▸ Exercise inputs:
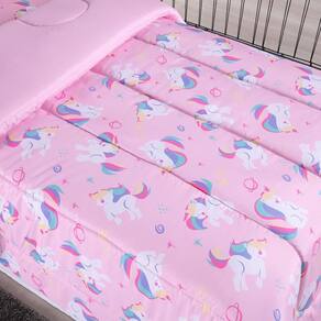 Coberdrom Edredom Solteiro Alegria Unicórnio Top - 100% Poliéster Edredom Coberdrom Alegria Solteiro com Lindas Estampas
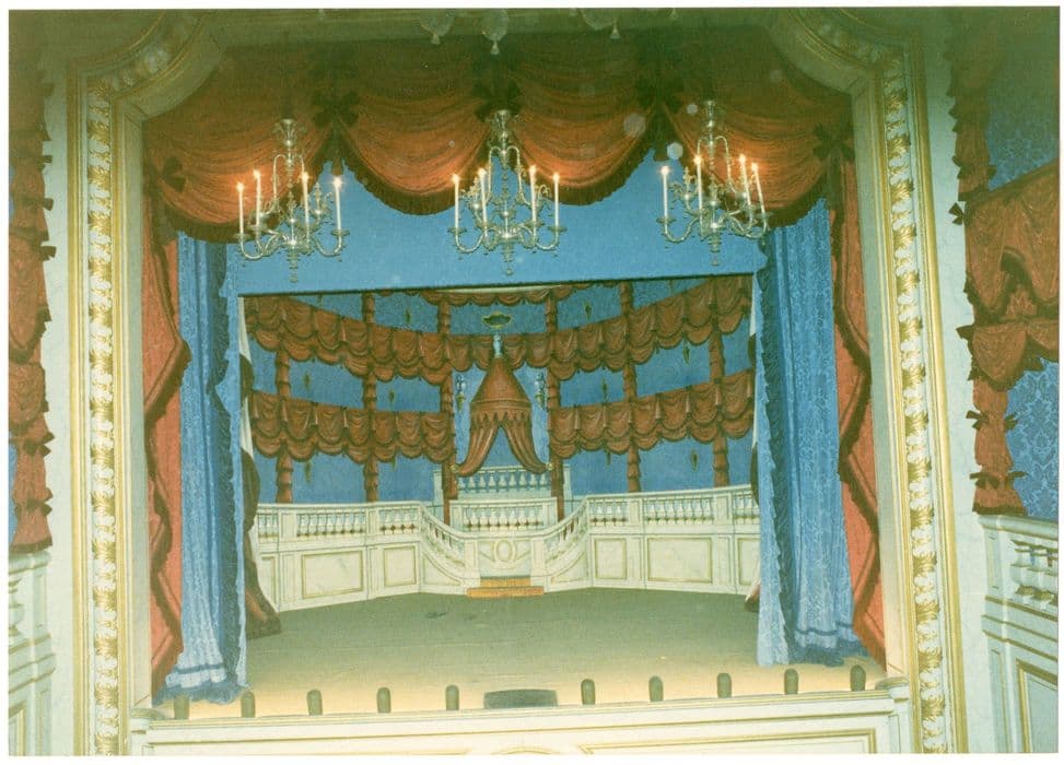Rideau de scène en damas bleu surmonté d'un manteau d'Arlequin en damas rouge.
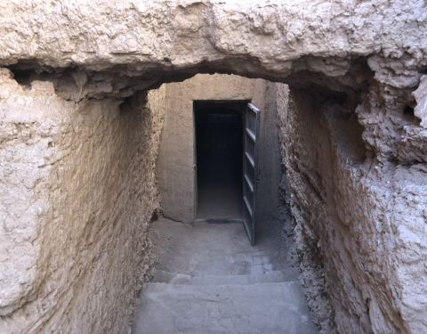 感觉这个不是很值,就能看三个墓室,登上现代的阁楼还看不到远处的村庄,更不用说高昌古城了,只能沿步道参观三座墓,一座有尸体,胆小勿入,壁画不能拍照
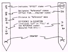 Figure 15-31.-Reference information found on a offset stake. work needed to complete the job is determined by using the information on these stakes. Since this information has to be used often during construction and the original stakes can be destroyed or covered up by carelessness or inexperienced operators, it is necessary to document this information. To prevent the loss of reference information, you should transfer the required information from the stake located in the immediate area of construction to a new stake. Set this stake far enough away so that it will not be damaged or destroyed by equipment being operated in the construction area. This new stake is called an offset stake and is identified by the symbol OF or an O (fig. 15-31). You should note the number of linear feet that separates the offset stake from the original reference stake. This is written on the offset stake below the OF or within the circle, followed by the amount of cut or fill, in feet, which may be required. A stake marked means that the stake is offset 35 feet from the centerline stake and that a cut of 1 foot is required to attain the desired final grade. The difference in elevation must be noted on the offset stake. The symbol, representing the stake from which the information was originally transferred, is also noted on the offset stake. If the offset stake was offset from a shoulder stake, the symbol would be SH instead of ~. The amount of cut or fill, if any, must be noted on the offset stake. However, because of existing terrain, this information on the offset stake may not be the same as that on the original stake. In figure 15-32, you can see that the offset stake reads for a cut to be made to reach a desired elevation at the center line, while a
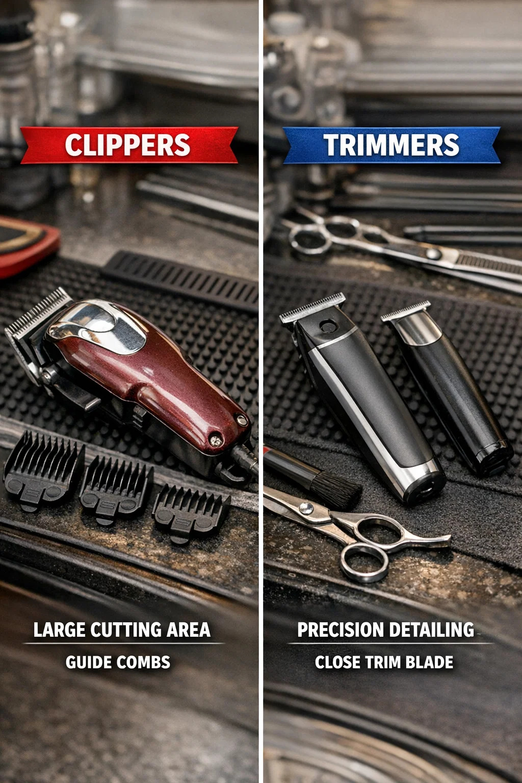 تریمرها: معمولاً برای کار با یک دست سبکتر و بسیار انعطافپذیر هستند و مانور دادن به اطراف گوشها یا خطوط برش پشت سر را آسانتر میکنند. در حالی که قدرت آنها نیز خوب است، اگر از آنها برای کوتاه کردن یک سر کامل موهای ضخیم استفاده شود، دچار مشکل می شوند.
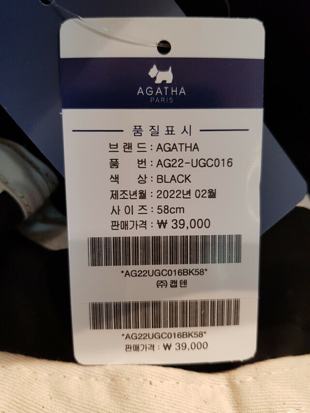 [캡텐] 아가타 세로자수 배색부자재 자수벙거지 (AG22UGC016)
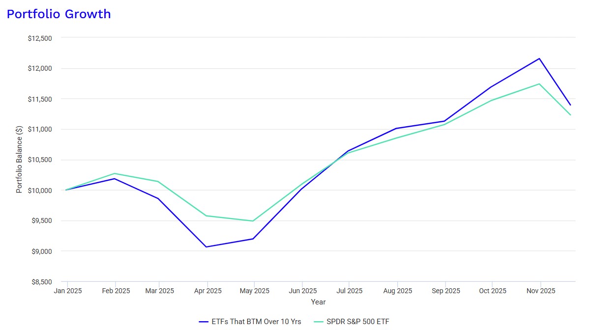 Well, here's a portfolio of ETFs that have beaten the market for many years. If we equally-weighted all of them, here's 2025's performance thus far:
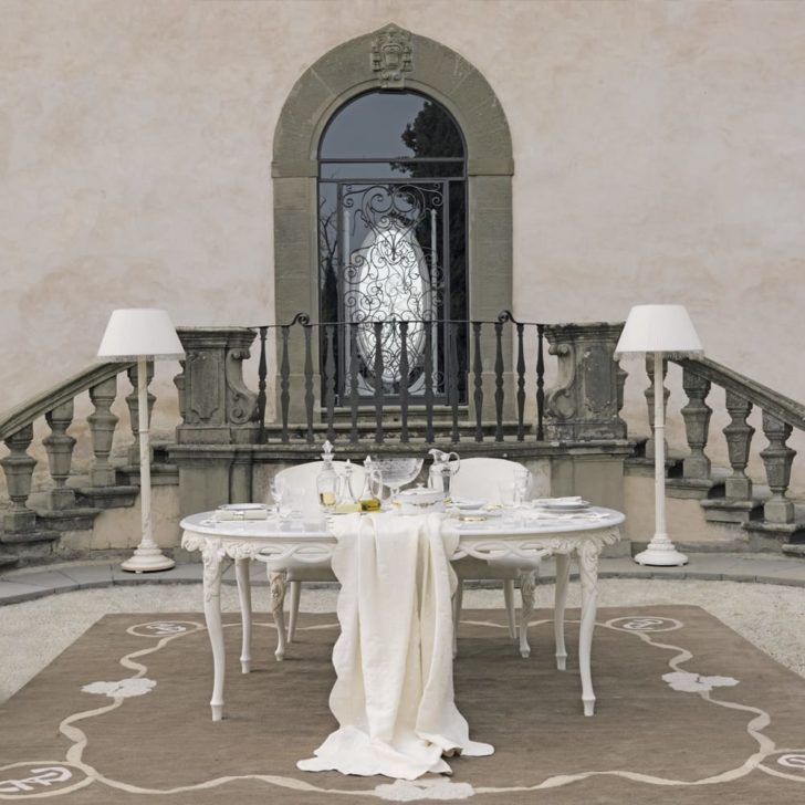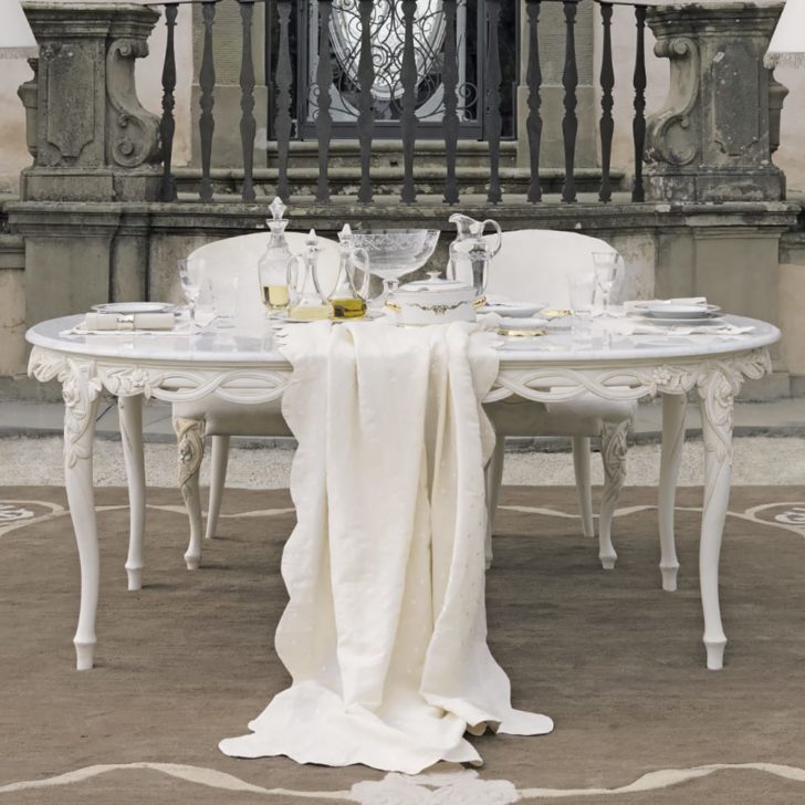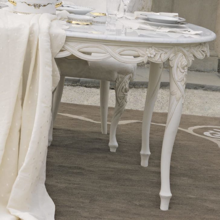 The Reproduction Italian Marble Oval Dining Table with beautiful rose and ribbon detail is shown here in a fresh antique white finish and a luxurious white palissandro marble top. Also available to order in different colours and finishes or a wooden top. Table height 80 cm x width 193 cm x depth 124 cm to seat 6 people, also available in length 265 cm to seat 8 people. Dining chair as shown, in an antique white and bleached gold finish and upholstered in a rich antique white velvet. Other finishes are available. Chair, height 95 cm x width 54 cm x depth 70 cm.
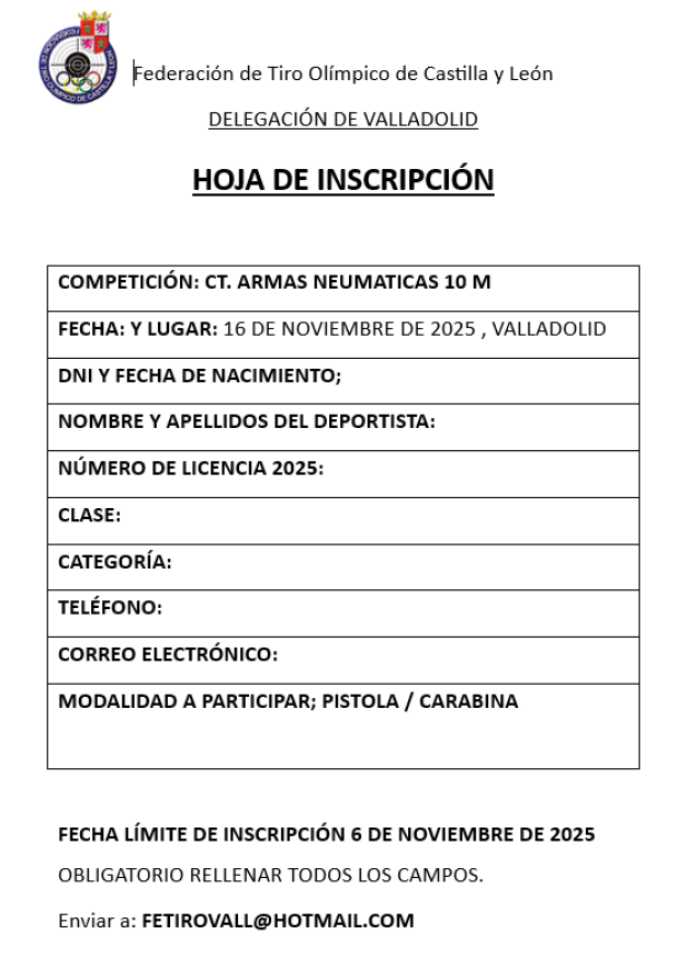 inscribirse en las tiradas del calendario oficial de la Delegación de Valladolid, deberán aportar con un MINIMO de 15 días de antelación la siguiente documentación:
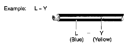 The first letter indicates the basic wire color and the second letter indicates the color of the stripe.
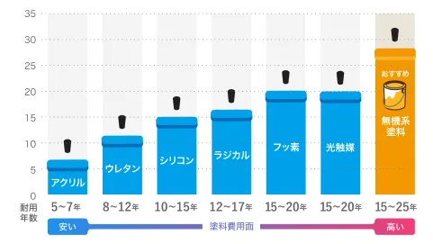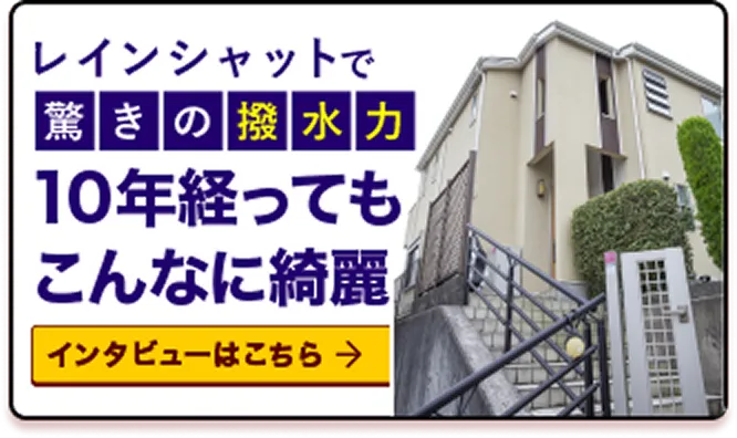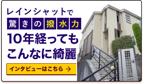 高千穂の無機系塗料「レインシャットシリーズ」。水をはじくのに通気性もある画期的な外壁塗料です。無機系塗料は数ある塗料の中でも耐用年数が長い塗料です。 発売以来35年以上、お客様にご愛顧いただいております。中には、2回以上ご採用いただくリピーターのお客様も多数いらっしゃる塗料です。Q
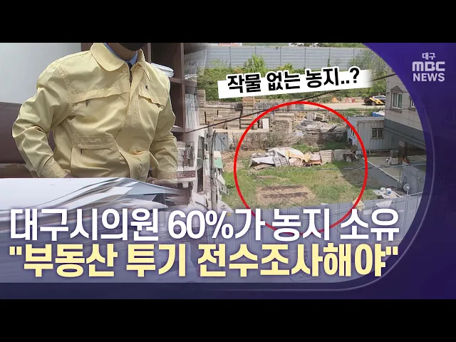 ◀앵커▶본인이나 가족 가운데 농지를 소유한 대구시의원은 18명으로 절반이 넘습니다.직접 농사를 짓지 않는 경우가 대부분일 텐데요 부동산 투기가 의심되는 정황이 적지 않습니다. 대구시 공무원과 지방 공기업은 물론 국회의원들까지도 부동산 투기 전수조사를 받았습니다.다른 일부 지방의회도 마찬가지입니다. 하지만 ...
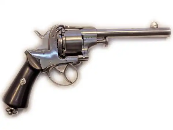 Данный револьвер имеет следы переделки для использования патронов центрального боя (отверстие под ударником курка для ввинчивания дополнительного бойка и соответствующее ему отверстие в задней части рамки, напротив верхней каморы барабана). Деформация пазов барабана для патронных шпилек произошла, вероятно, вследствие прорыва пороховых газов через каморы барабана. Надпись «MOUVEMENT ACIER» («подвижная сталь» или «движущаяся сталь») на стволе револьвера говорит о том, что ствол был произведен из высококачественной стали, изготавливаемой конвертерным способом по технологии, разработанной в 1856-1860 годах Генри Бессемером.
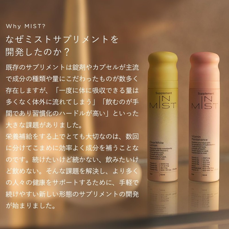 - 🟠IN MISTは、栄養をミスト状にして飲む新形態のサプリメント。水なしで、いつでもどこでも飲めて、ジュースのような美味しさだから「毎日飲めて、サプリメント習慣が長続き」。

▸ Description of the task:
Would you restate, exactly and with no pictures, the lines of the entries above from the one containing "Rideau de scène" through the one containing "感觉这个不是很值,就能看三个"?

▸ Final answer:
Rideau de scène en damas bleu surmonté d'un manteau d'Arlequin en damas rouge.
 感觉这个不是很值,就能看三个墓室,登上现代的阁楼还看不到远处的村庄,更不用说高昌古城了,只能沿步道参观三座墓,一座有尸体,胆小勿入,壁画不能拍照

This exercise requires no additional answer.